A bruised toenail, medically termed a subungual hematoma, is a common injury resulting from trauma that causes blood to pool beneath the nail plate. This occurs when small blood vessels in the nail bed rupture, leading to an accumulation of blood in the confined space between the nail and the underlying soft tissue. Subungual hematomas are common in both athletes and the general population due to the toes’ vulnerability to impact and repetitive stress. The resulting discoloration and throbbing pain are direct consequences of this internal bleeding and pressure build-up.
Identifying the Visual Signs of a Bruised Toenail
The appearance of a bruised toenail is characterized by discoloration directly beneath the nail plate. Immediately following the injury, the pooled blood typically presents as a red or purplish patch. As the blood clots, the color progresses to darker shades, often turning dark blue, brown, or black over the next few days or weeks.
This discoloration can manifest as a blotchy mark, a thin streak, or cover the entire nail bed, depending on the trauma’s severity and location. A distinguishing characteristic of a subungual hematoma is that the dark spot is fixed; the color does not change when pressure is applied to the nail surface. The trapped blood remains visible until the nail grows out because it is physically locked between the nail and the underlying tissue.
Mechanisms of Injury: How Subungual Hematomas Form
Subungual hematomas form when force is applied to the toenail, causing blood vessels in the nail bed to break. This trauma is categorized into two primary mechanisms: acute trauma and repetitive microtrauma.
Acute Trauma
Acute trauma involves a sudden, severe impact, such as stubbing a toe, dropping a heavy item on the foot, or a crush injury. This typically results in immediate, intense pain due to the rapid pooling of blood and subsequent pressure on the nail bed nerves.
Repetitive Microtrauma
Repetitive microtrauma involves continuous, low-level stress repeated over time. This is common in long-distance runners or hikers whose toes repeatedly strike the front of ill-fitting footwear. This mechanism causes gradual injury to the vessels, meaning discoloration and pain develop more slowly.

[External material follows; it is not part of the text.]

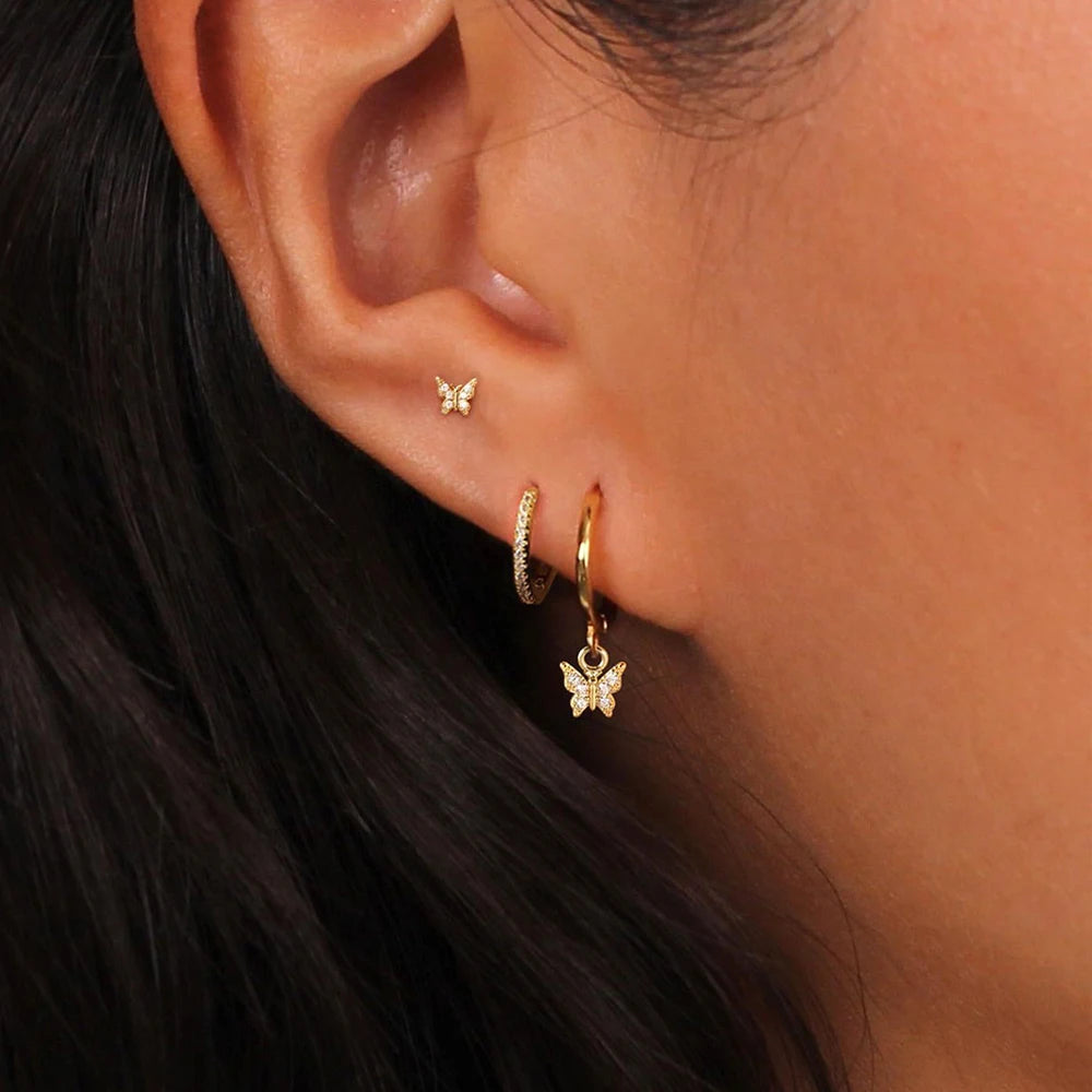 Transform your style with our Mariposa Butterfly Earring Set. This gorgeous 3-piece set features delicate butterfly charms adorned with sparkling cubic zirconia, perfect for mixing and matching or wearing as a curated ear stack.

Immediate Care and Critical Warning Signs
For a minor bruised toenail, immediate self-care helps manage symptoms and reduce swelling. The R.I.C.E. protocol (Rest, Ice, Compression, and Elevation) is recommended to limit bleeding and swelling in the initial hours following the injury. Applying a cold compress wrapped in a cloth can help numb the area and reduce inflammation. Over-the-counter pain relievers can also alleviate discomfort and throbbing pain.
Professional medical attention is needed if certain warning signs appear. Severe, throbbing pain that does not improve with home care suggests significant pressure from the trapped blood. This pressure may require draining by a healthcare provider in a sterile procedure called trephination. Other signs include infection, such as increasing redness, warmth, pus draining from under the nail, or a fever. Evaluation is also necessary if the bruise covers more than half of the nail surface or if an underlying toe bone fracture is suspected.
The Long-Term Process of Nail Resolution
The discolored section of a bruised toenail must grow out with the nail plate. The resolution of a subungual hematoma depends on the toenail’s natural, slow growth cycle. Since toenails grow at an average rate of about one millimeter per month, the process can take six to twelve months for the entire nail to be replaced.
As the nail grows, the dark patch slowly migrates toward the tip of the toe until it can be trimmed away. If the initial trauma was significant, the pressure from the hematoma may cause the nail to loosen and detach partially or completely from the nail bed, a condition known as onycholysis. If the nail is shed, a new, healthy nail typically grows in its place from the nail matrix.